Please quote exactly the lines below from the line containing "据悉,昆州正处于前所未有的热" to the line containing "Известно, что обычно", both lines included, and nothing else.

Data for this exercise.

[Start of Attachment]

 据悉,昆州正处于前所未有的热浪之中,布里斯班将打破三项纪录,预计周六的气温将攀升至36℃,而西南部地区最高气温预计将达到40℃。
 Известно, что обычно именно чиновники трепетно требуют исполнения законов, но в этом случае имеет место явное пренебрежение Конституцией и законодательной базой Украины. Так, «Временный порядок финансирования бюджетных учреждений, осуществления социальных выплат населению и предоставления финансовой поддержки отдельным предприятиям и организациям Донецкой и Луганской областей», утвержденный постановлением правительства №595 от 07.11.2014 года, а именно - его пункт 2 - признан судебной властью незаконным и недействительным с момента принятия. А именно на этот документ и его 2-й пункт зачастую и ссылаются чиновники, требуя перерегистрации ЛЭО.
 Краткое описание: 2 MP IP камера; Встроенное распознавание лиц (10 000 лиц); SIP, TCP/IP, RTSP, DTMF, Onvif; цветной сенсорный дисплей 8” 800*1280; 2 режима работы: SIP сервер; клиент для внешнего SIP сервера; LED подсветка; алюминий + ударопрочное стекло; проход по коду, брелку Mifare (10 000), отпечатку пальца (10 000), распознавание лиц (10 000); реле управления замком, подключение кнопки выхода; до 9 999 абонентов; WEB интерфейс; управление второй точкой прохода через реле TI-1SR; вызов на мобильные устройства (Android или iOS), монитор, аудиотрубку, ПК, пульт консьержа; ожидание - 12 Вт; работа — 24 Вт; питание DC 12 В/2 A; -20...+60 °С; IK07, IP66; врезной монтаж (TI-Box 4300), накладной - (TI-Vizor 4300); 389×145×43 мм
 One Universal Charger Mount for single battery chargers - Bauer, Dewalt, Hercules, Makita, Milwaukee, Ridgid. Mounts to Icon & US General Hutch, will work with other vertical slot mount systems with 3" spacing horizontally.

[End of Attachment]
[Start of Attachment]

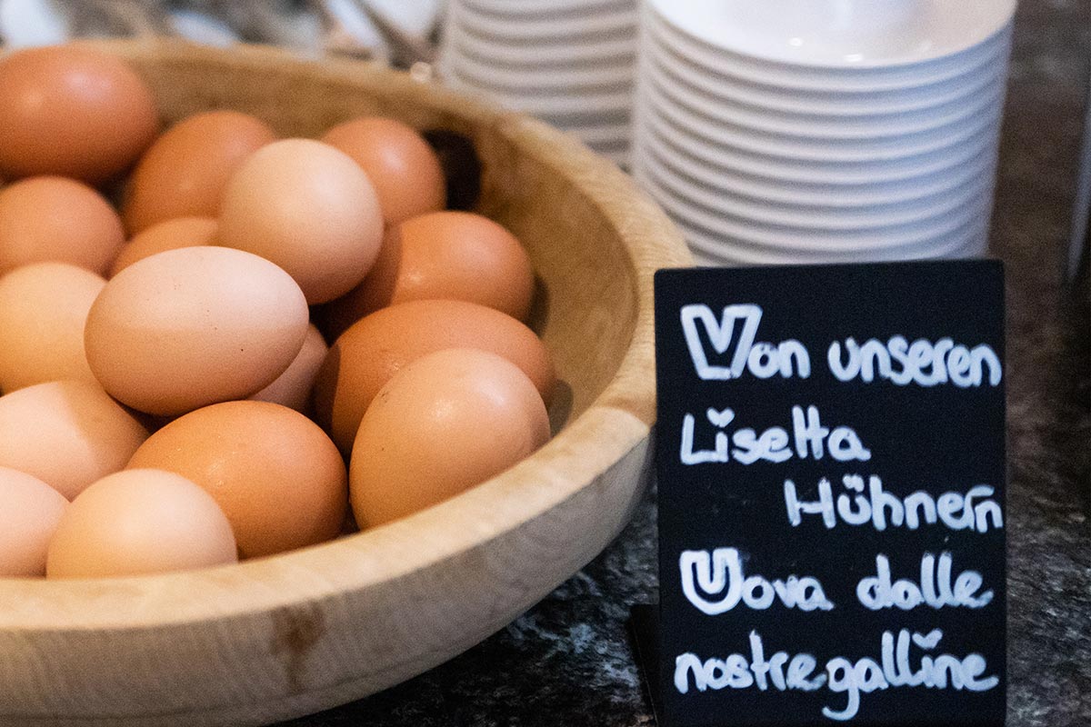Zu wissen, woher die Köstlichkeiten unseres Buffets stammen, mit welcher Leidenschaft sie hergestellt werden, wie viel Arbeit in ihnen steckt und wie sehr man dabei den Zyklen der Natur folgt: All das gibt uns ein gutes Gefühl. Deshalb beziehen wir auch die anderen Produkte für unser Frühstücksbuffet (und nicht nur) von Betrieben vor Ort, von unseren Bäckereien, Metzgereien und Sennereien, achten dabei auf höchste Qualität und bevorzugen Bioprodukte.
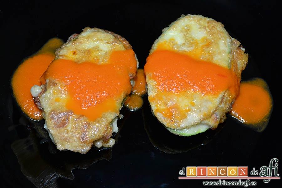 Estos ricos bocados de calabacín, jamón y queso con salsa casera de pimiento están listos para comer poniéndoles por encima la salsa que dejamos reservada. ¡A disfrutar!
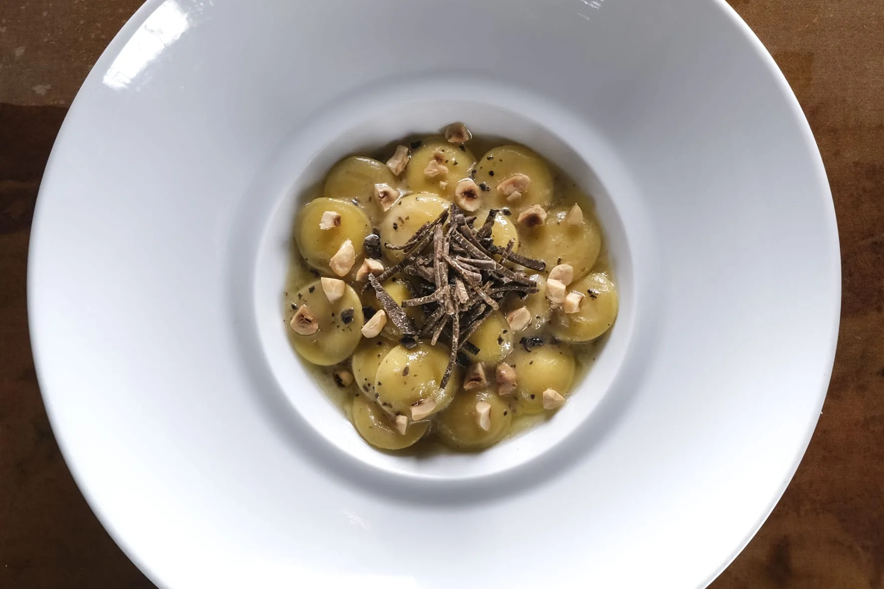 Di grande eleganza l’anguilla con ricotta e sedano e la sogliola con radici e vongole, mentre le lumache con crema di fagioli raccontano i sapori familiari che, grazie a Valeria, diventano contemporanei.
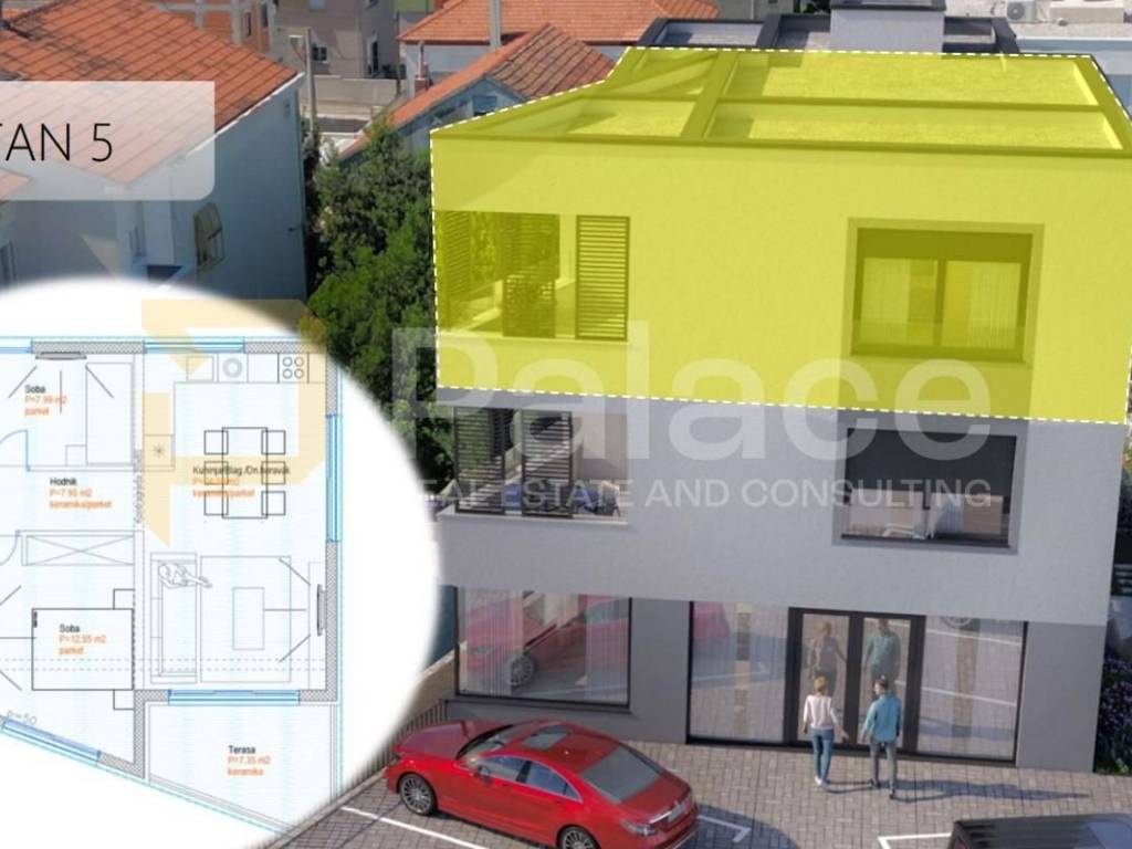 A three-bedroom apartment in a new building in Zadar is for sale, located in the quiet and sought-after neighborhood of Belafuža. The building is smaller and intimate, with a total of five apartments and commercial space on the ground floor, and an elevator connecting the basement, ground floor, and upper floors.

[End of Attachment]
[Start of Attachment]

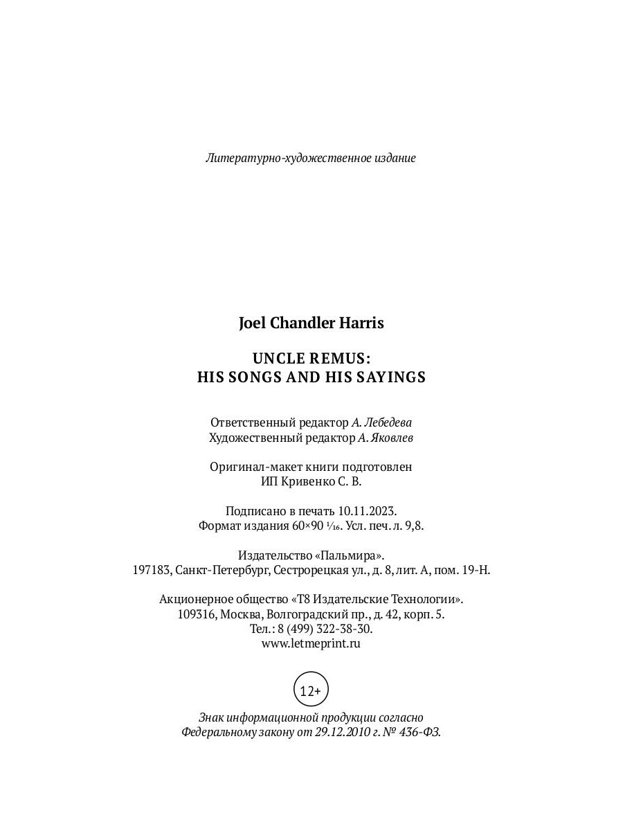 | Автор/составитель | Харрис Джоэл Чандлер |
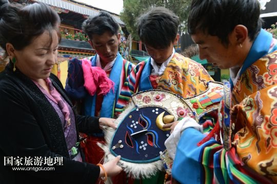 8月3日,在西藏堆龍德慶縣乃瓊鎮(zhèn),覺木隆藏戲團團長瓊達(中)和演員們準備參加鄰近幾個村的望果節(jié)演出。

[End of Attachment]

Task output.
 据悉,昆州正处于前所未有的热浪之中,布里斯班将打破三项纪录,预计周六的气温将攀升至36℃,而西南部地区最高气温预计将达到40℃。
 Известно, что обычно именно чиновники трепетно требуют исполнения законов, но в этом случае имеет место явное пренебрежение Конституцией и законодательной базой Украины. Так, «Временный порядок финансирования бюджетных учреждений, осуществления социальных выплат населению и предоставления финансовой поддержки отдельным предприятиям и организациям Донецкой и Луганской областей», утвержденный постановлением правительства №595 от 07.11.2014 года, а именно - его пункт 2 - признан судебной властью незаконным и недействительным с момента принятия. А именно на этот документ и его 2-й пункт зачастую и ссылаются чиновники, требуя перерегистрации ЛЭО.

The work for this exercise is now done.